Placental ultrasound size and shape

Placental ultrasound texture

Placental location: In a typical pregnancy, the placenta attaches to the upper portion of the uterus (called the fundus). However, when the placenta is in the lower uterine segment of the uterus, it may cover part of all of the internal os (opening) of the cervix. A low-lying placenta near or covering the internal os is termed placenta praevia. Placental location is part of the fetal anatomical US examination. 

Umbilical cord insertion: At the end of the first trimester of pregnancy (12 weeks), the placenta has become distinct from the membranes. Using US, we can visualize the development of the placenta and the location of the umbilical cord.

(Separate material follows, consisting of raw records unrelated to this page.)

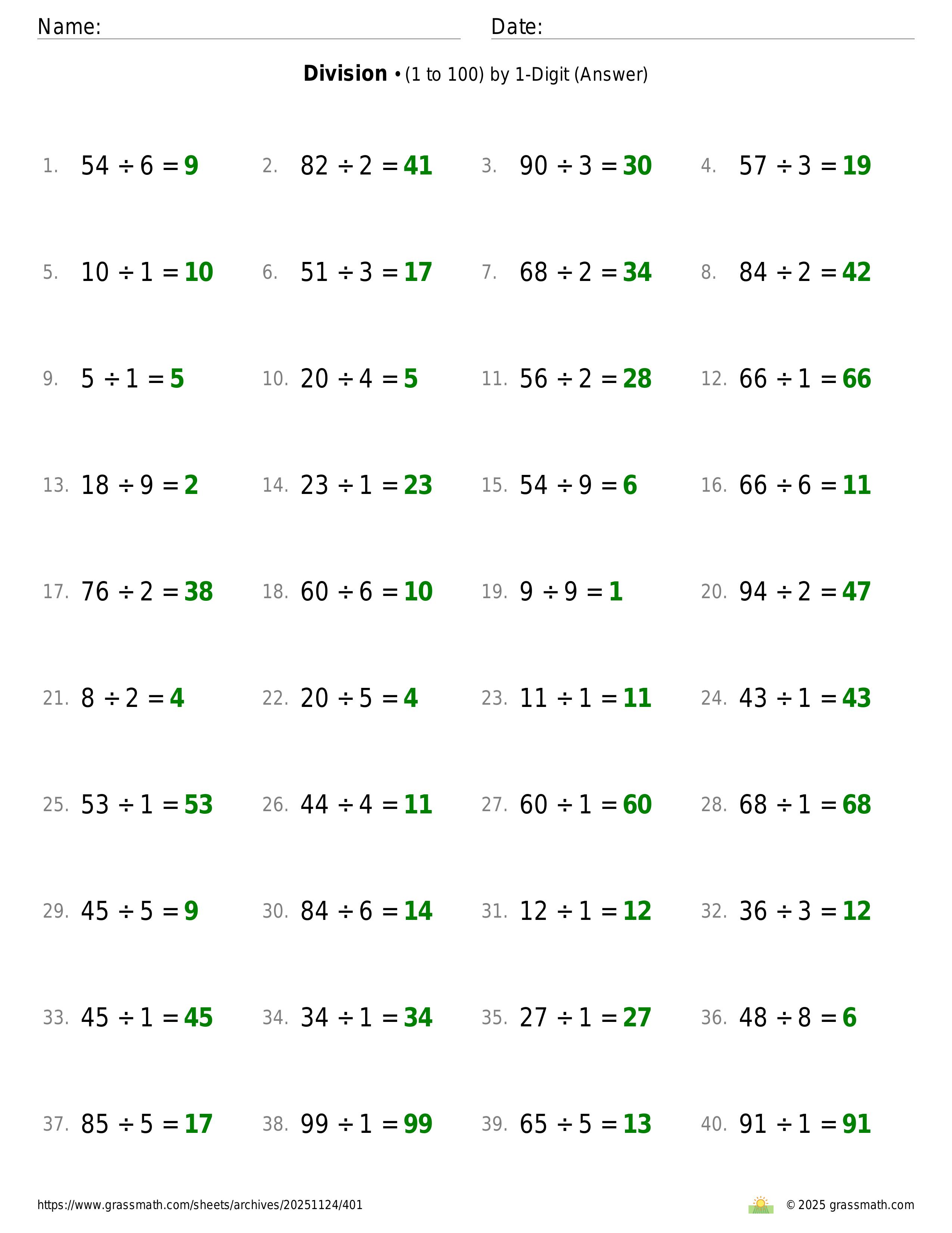 Division (1 to 100) by 1-Digit
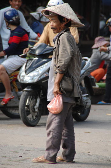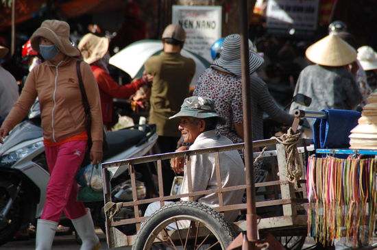 Dieser Fahrer hatte sich auch der Langsamkeit verschrieben, aber er hat uns ordentlich zum Bahnhof nach Da Nang gebracht.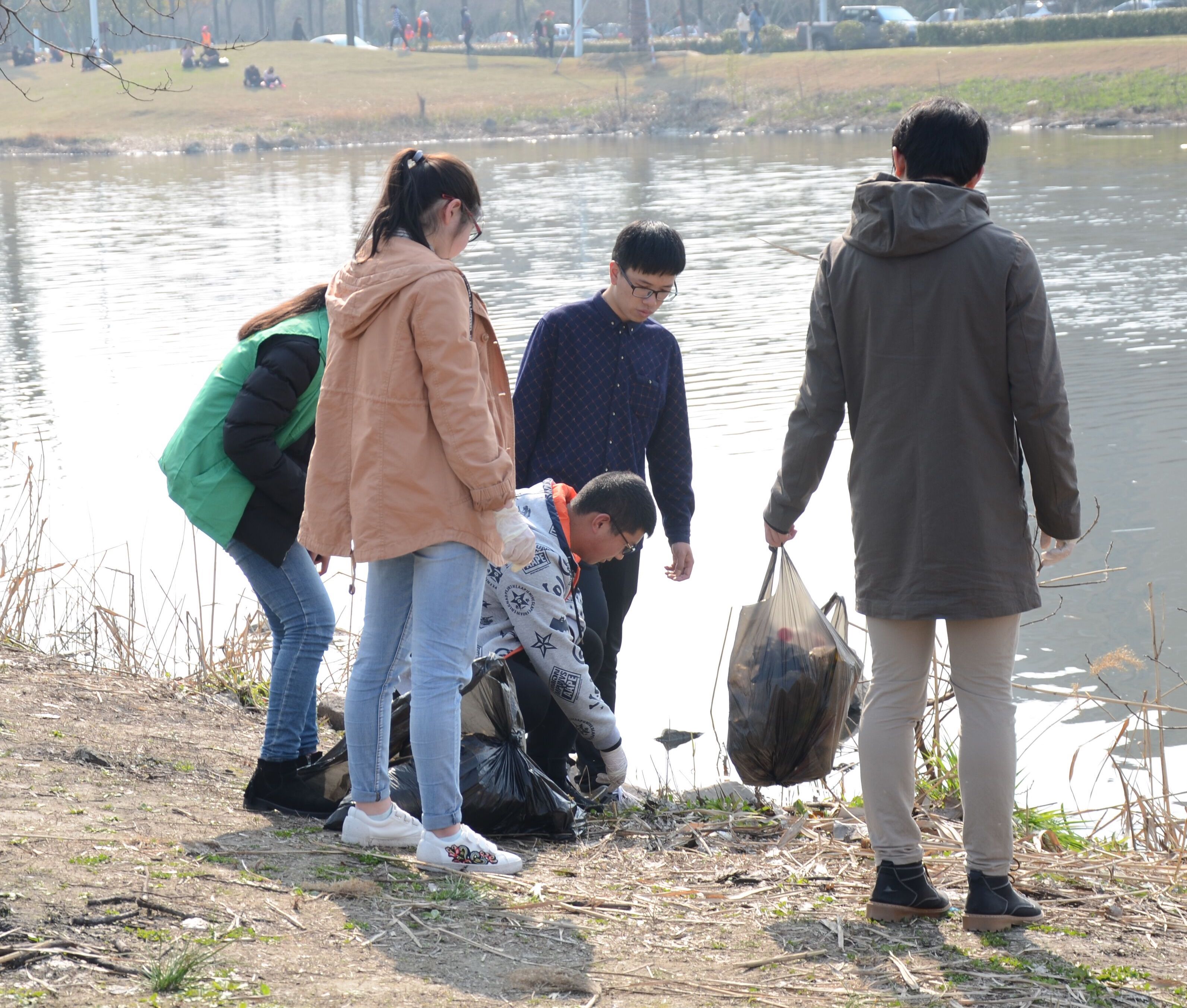 此次志愿活动将志愿者分为三个小队,分别清理三个不同的区域,志愿者手拎垃圾袋,沿江边拾捡草坪和小道上的废弃物、纸巾、果皮、食品袋等各种垃圾。路上的用手捡,沟边的用夹子夹,本着“服务社会、服务他人”的宗旨,大家都干劲十足,发扬了不怕脏、不怕累的精神。大家互相配合、相互协助,热情高涨。志愿者们的热情也感染了周边游玩的居民,不少小朋友也主动帮助志愿者们清理垃圾,积极地将雷锋精神和实际行动联系起来。此次活动进行一个多小时后,每个志愿者的手中都“战果累累”,清理活动也到此结束。

Typically, the umbilical cord is seen to insert in the central part of the placental disc (central cord insertion). If part of the placenta becomes damaged or does not develop properly, then that area of the placenta thins out into membranes, leaving the umbilical cord originating closer to the edge of the placental disc. This could increase the risk of developing vasa praevia during pregnancy.

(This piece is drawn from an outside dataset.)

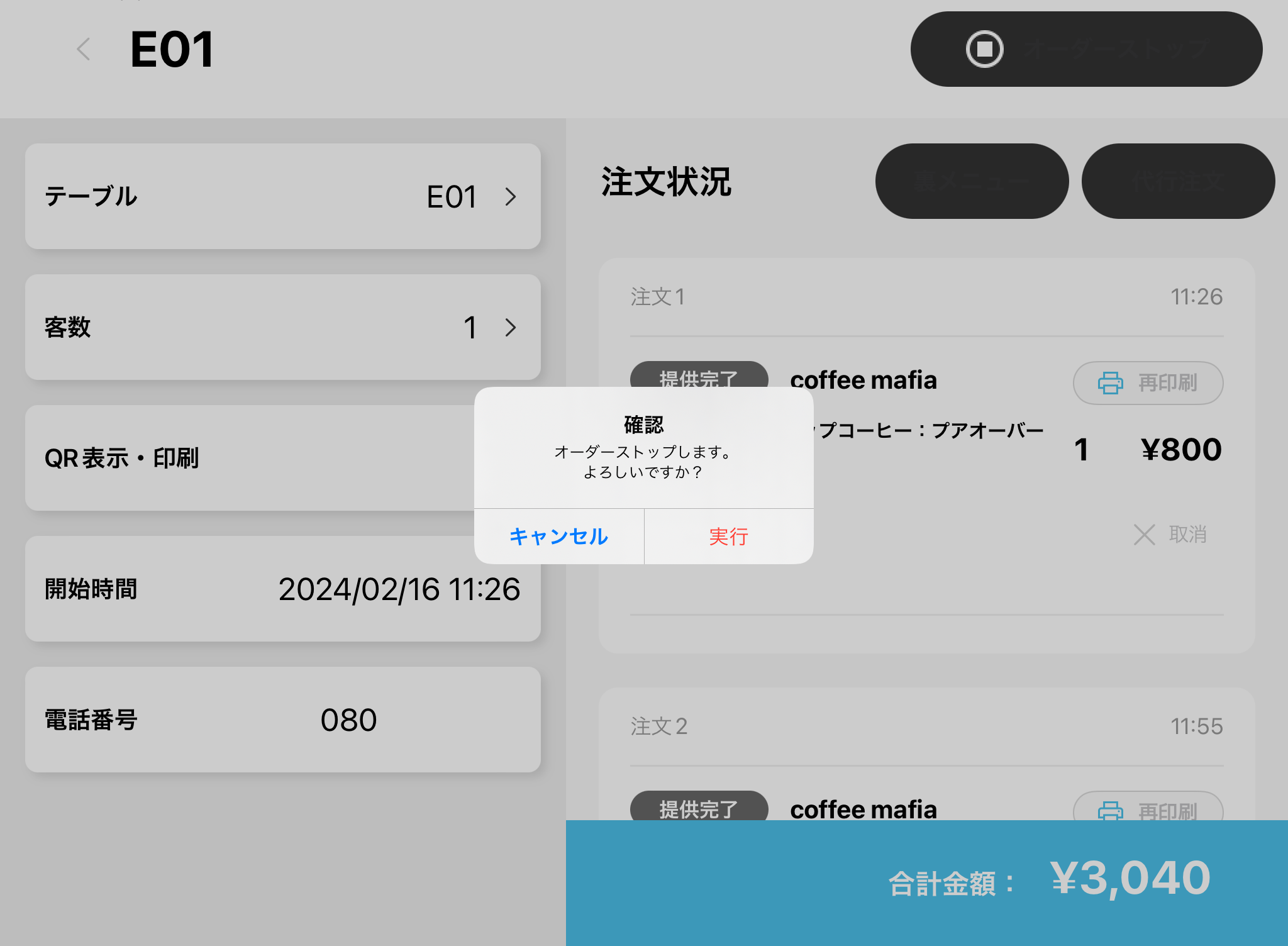 テーブル詳細画面から右上の「オーダーストップ」を選択します

Number of blood vessels in the umbilical cord: The umbilical cord usually has three blood vessels; two arteries and one vein. The arteries transport deoxygenated blood and waste from the fetus to the placenta. The umbilical vein carries oxygenated blood and nutrients from the placenta to the fetus to support its growth and development. Occasionally, the umbilical cord contains only one umbilical artery (called a two-vessel cord or single umbilical artery). When this occurs, the remaining umbilical artery is wider, and thus has a compensatory larger volume of blood flow. Rarely, this compensation does not occur, and fetal growth may be restricted. Conversely, a single umbilical artery may have nothing to do with abnormal placental development but may be associated with birth defects (for example, a missing kidney) or other more serious problems. Therefore, fetuses with a 2-vessel-cord require a detailed anatomical US examination.

Uterine artery Doppler

Uterine artery Doppler testing measures blood flow from the mother to the placenta via her uterine arteries.

During pregnancy, the uterine arteries enlarge and dilate; this permits a larger volume of blood to flow into the placenta. The maternal blood vessels feeding the placenta also relax to lower resistance, thus increasing the blood flow into the placenta. Doppler images such as the one below, with their dips and peaks, can tell specialists how well the blood is flowing through the uterine blood vessels, and whether there is the right amount of resistance.

Umbilical artery Doppler

Umbilical artery Doppler testing uses the same technology as the uterine artery Doppler to measure the fetal blood flow to the placenta.  

Umbilical artery Doppler

An abnormal uterine artery Doppler could indicate that there is lower blood flow and less nutrient-rich blood for the developing fetus. This could imply not only a restricted blood supply, but is also a significant risk factor for long-term maternal cardiovascular disease. Women with abnormal uterine artery Doppler will be monitored closely, as they may be at risk for preterm delivery (<32 weeks).

Placental Growth Factor (PlGF)

PlGF is produced mainly by the developing placenta (trophoblast) and is secreted into maternal blood. The levels of PlGF rise during the second trimester, such that by the time the fetus is viable, normal levels of PlGF strongly indicate normal placental function.

In women with suspected “placental insufficiency” i.e. with elevated blood pressure or a small for dates uterus, low levels of PlGF (<100 pg/mL) can direct clinicians to do further testing for maternal pre-eclampsia and/or fetal growth restriction (FGR). Approximately 1/3 of such women will be found to have pre-eclampsia and/or FGR. Conversely, if PlGF levels are normal in this context, 98% of women will have healthy pregnancies for the subsequent 2 weeks (negative predictive value = 98%).

The test is valid from 22-36 weeks gestation. 

The PlGF blood test result is available in 1-2 hours at Mount Sinai Hospital and therefore is a substantial aid to clinical care. Women with low PlGF levels can have direct access to MFM expertise for advice and care.  Mount Sinai is the first hospital in Canada to provide diagnostic PlGF testing in pregnancy for suspected pre-eclampsia or FGR.